MATTHEW BELLINA, a retired Navy pilot, knows time is running out. Now 34, Bellina was diagnosed in 2014 with Lou Gehrig’s disease, a fatal disorder that attacks the central nervous system and gradually steals life and livelihood: the ability to speak, eat, and breathe.
Bellina wants to try NurOwn, an experimental adult stem cell therapy, because he wants to stick around awhile longer to see his three young sons thrive. He is pinning his hopes on a bill in Congress that would give terminally ill patients access to investigational drugs that have passed a Phase I clinical trial but have not yet gone through the full multiyear approval process required by the federal Food and Drug Administration. That bill, which cleared the US Senate last summer and is now before the House, is an important step forward in galvanizing a crucial national discussion — despite the off-putting “right to try” nomenclature, which evokes comparisons to the “right to die” movement and seems to position it narrowly as a libertarian battle cry.
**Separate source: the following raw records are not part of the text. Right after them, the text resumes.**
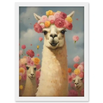 Artery8 The Llama Wedding Rose Bloom Flower Headdress Fun Artwork Kids Bedroom Framed A3 Wall Art Print
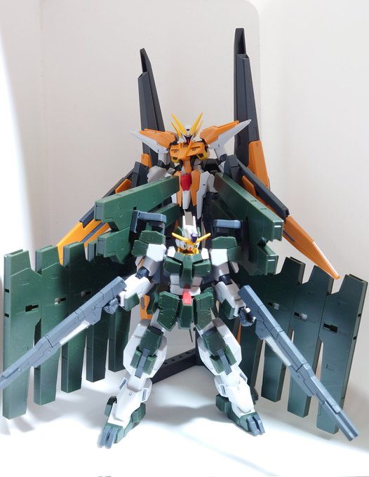 昔作ったゲイレールカスタム、支援機とドッキングしたら火力が上がる。 4本足に出来て足裏からアンカーボルトがでる設定で強力な砲撃をするってかんじですね。 #ガンプラ #世界で唯一無二の自分だけの作品をさらせ
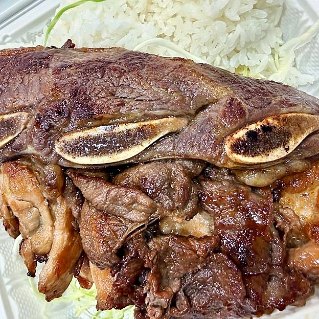 Serves 4-6 people. 5pcs BBQ chicken, 5pcs BBQ beef, 5 pcs chicken katsu ,6 scoops steamed rice, 6 scoops macaroni salad, malasada.
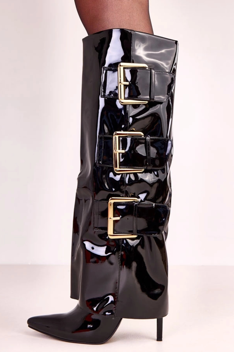 Mustad lakotie saapad üleskeeratud säärega Karela
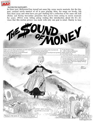 MAD tackled this very phenomenon when they parodied The Sound of Music as "The $ound of Money" in 1967 with art by Mort Drucker and a script by Stan Hart. That marvelous satire includes spoofs of many of the songs from the film, including "How Do You Solve a Problem Like Maria?" MAD's version was called "How Do You Solve the Problem of Religion?" and it went (in part) like this:
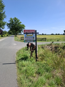 Start und Ziel war um jeweils 12h: Thielenkamp / Ecke Bäckerweg. Genau am kleinen, feinen „weißen Strich“.
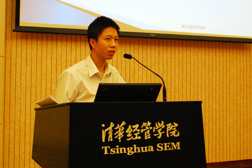 清华经管学院MBA教育中心主任高旭东教授致欢迎辞,并和大家分享了自己对于创新的理解。高旭东教授说,从我国经济发展的经验来看,坚信西方理论,采取“引进—消化—吸收”模式的企业,发展往往不太顺利;而那些从一开始就坚持自主创新的企业,经过数十年的发展,反而可以登上国际竞争舞台。例如,中国的电信设备产业已跻身全球前列,华为目前的市场份额已位居世界第二,并且有望超越爱立信,成为世界第一。高旭东教授建议,培养创新能力最有效的方法,是与真正有创新能力的人交流,向他们学习。
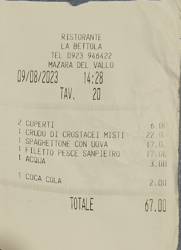 Read moreOnestamente ero partito con le migliori intenzioni. Di buonumore siamo usciti dall'hotel sul lungomare per andare a piedi a mangiare del buon pesce fresco a Mazara. La nostra prima scelta era inspiegabilmente chiusa di domenica a pranzo ad agosto, quindi siamo venuti qui nonostante qualche recensione mi aveva già lasciato perplesso. Quando siamo arrivati ci hanno fatto accomodare in una verandina chiusa e ben climatizzata, facendoci sedere in un tavolo largo e con del buon tovagliato. Abbiamo ordinato delle cruditè di crostacei misti perché solo gamberoni non era una scelta a menù. Ci hanno portato 4 scampi molto freschi e 3 gamberoni di seconda scelta di livello abbastanza mediocre. Dopo 20 minuti finalmente ci hanno tolto i piatti vuoti dal tavolo. Dopo altri 15 minuti ci hanno portato la bottiglia di acqua che nel frattempo era finita. Dopo 40 dagli antipasti ci hanno portato i primi. I tagliolini all'aragosta erano nella norma, è un piatto che difficilmente può essere sbagliato. Il cous cous era letteralmente il peggiore mai mangiato a anche fuori da Mazara. Visto che stavamo sprecando una domenica abbiamo saltato secondi e dessert per andare via immediatamente. Credo che le recensioni positive vengano tutte da turisti che non sono abituati alla cucina siciliana e che sono facilmente impressionabili. Chi è abituato a mangiare del buon pesce nei migliori ristoranti non può di certo dare 5 stelle. Nonostante ciò andrebbe anche bene se il cibo fosse servito in una trattoria economica a gestione familiare. Quando però ci sono 4 camerieri per 6-7 tavoli e il servizio è così scadente nonostante la pretesa di essere considerato un ottimo ristorante, le cose cambiano. Poi il conto: come segnalato anche da altre recensioni hanno il vizio di aggiungere cose non ordinate, come del beveraggio in più. Il conto di 103 euro non è stato scontato per gentilezza come farebbe qualsiasi ristoratore di esperienza ma solo perché gli abbiamo fatto notare l'errore dell'acqua. Per riassumere, il personale o è poco sveglio o non gradisce le famiglie con bimbi che vengono trattate come ospiti sgraditi. Inoltre si sarebbero anche potuti evitare questa recensione chiedendo come fosse andata piuttosto che manifestare interesse solo per farci pagare in oltre 90 minuti di permanenza. Consiglio di andarci solo se non c'è altro. Il cibo non è un granché ne in termini assoluti ne relativi al prezzo. Il servizio è uno dei peggiori mai visti. I prezzi sono, a parità di qualità, il 20-30% più cari della concorrenza. Inoltre la location non è sicuramente di pregio come può essere una terrazza sul lungomare. Non ci torneremo, ma credo proprio che non gli importi e che puntino sui...

That does a disservice to a broader question: Is the FDA able to keep up with the rapid pace of research and discovery ushered in by the genomic era? Certainly, the agency plays a critical role in public safety and, as important, in “using science for regulatory decision-making,” as former commissioner Margaret Hamburg once put it.
As things stand now, Right To Try laws have passed in 38 states, and state Representative Nicholas Boldyga, a Republican from Southwick, has introduced a measure in Massachusetts. But a patchwork of state laws serves no one well, particularly when terminal patients might be desperate to try drugs manufactured across state lines or overseas. The FDA has taken steps to speed access before, during the height of the AIDS epidemic. Launched in 1987, the agency’s “compassionate use” program allows access to drugs in the testing phase, provided a physician gets FDA approval. But that program is cumbersome and little-used, according to Starlee Coleman of the Goldwater Institute, a libertarian think tank pushing for Right To Try.
The federal bill isn’t perfect — doctors worry about issues like patient safety and consent, as well as diverting resources away from authorized clinical trials that generate important data. But regulatory agencies like the FDA need periodic rebooting to stay abreast of the fast pace of scientific discovery. Japan offers a valuable case study: In 2014, new laws were passed to accelerate approval of stem cell therapies, giving companies conditional approval while clinical trials continued. The laws are credited with accelerating Japan’s global role as a center for regenerative medicine. With the right bipartisan spirit, such a model might work in the United States. And Matthew Bellina might see his wish fulfilled.